It been nearly fifteen months since the church plant had it’s last Sunday together. We lasted a little more than ten years. They were ten of the toughest and most challenging years of my life. There were many dark days and long, fear filled nights. I was left wounded, angry, weary, and disillusioned.
It’s taken many months of healing, study, prayer, and reflection to be able to see clearly. Through the clearing and the benefit of hindsight, I’m beginning to put words to the nature of my most persistent struggle. I made so many decision that I still believe reflected sound doctrine, that caused me much pain, and left me feeling weak and foolish. These feelings would dog me throughout the life of the church plant. Eventually, they would get the better of me.

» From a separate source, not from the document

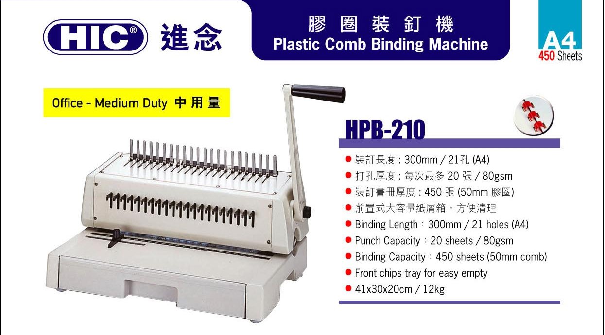 HIC HPB- 210 手動 膠圈裝訂機
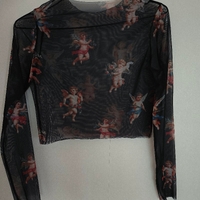 Läpikuultava, musta pitkähihainen pusero, jossa enkelin kuvia.

I could never get beyond the foolishness. I couldn’t learn to operate in the weakness. I didn’t want to; I rebelled against them both. I hadn’t yet come to internalize or value the truth that I can’t say I didn’t already know.
Ministry is a calling for the weak and the foolish.
Finding a way to accept this truth is not a new problem. In the ancient city of Corinth, the first century church there were having factious quarrels. They were one-upping one another, claiming important and powerful faction leaders. All in a misguided clutching for significance and false displays of strength and wisdom.
The Apostle is inspired to see through the surface symptoms and addresses the infectious cause of their folly in his first letter to them. He does not addresses their behavior, but their misunderstanding of the nature of their calling. My behavior did not mirror their’s, but it came from the same source.
A Foolish Message
1 Corinthians 1:21 (NAS): 21 For since in the wisdom of God the world through its wisdom did not come to know God, God was well-pleased through the foolishness of the message preached to save those who believe.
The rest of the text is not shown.